Несколько секунд Маша пыталась бороться, потом сдалась.
– Это мое дело, – сжимая ее кисти, сказал я. – Это мой дом. Мальчик – мой друг. Андрей Валентинович – мой дед.
– Ты мешаешь… – сказала Маша. Сдавленно, словно я ее за горло держал, а не за руки. – Портишь все…
– Хочешь, испорчу все окончательно? – Я улыбнулся. – Потребую, чтобы ты осталась на Земле?
Ее руки обмякли.
– Извини. – Слишком уж быстро Маша это сказала. – Я испугалась за успех…
Я отпустил ее и пошел на второй этаж. Карел проводил меня мерцающими глазами. Маша стояла, растирая кисти.
Да что же происходит! Мой дом уже не мой дом? Играем в заговорщиков? Ей к психоаналитику надо отправиться, а не в космос!
Не знаю, слышал ли дед нашу перепалку, дверь у него была полуоткрыта. Наверное, да. Но он ничего не сказал.
Великий шовинист сидел прямо на полу и пролистывал фотоальбомы. Пухлые семейные альбомы, из тех, что наводят ужас на несчастных гостей. Дед маленький, дед в институте, дед на стажировке в Штатах, дед с бабушкой… давно ее нет в живых… Дед с моим папой. Папа в армии. Папа с мамой… и мной в проекте… Я, голышом на пеленках…

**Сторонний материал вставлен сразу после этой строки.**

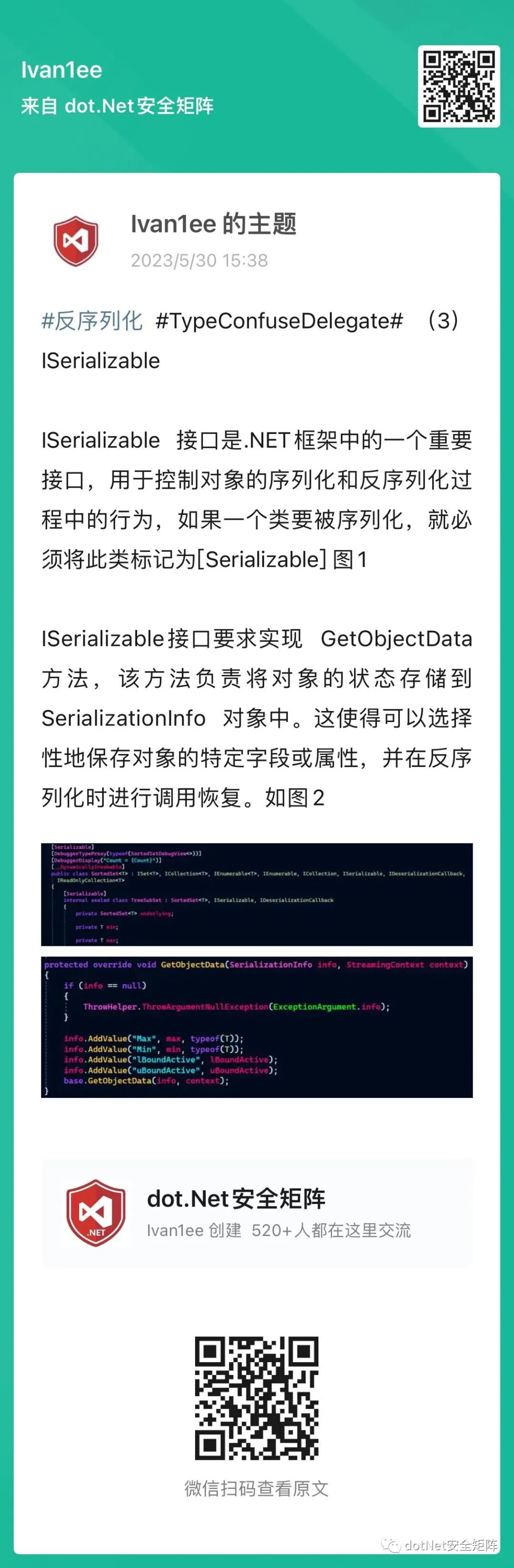 dotNet安全矩阵知识星球 — 聚焦于微软.NET安全技术,关注基于.NET衍生出的各种红蓝攻防对抗技术、分享内容不限于 .NET代码审计、 最新的.NET漏洞分析、反序列化漏洞研究、有趣的.NET安全Trick、.NET开源软件分享、. NET生态等热点话题、还可以获得阿里、蚂蚁、字节等大厂内推的机会

Чего он взялся за старые фотографии?
При моем появлении дед резко захлопнул альбом.
– Все прошло нормально?
– Да. Я в экипаже «Волхва», послезавтра старт… Ты не видел собаку?
– Видел. Маша отвезла Тирана в питомник.
– Что? – завопил я.
– Маша. Отвезла. Пса. В питомник.
Дед с кряхтеньем поднялся.
– Петя, дом будет пустым. Через сутки его опечатают и начнут рыться в документах. Я не хочу, чтобы пес получил пулю, защищая наше барахло. Маша оплатила его проживание в питомнике в течение двух лет. Мы заберем его, вернувшись. Надеюсь.
Как всегда, дед был прав. Но…
– Почему ты не сказал мне? Я бы с ним попрощался!
– Петя, нельзя оставлять кусочек души за спиной. Не нужны лишние прощания.
– Они не лишние… – У меня защипало в глазах. Ну да. Не оставляй ничего позади… Все равно останутся – Земля, Россия, дом… хитрый паренек Алешка, для которого я лишь источник сувениров. Я еще никогда не уходил, так четко зная, что могу не вернуться. Даже перед первым, тренировочным полетом в космос не дрейфил, как сейчас…
– Петр, собаке будет там хорошо. Неужели ты думаешь, я не переживаю?
Я через силу кивнул.
– Дом будут обыскивать, – продолжил дед. – Я уже сжег все свои бумажные документы и стер информацию на машине. Почисти свой компьютер тоже… если там есть что-то личное. Отформатируй диски, и лучше – несколько раз.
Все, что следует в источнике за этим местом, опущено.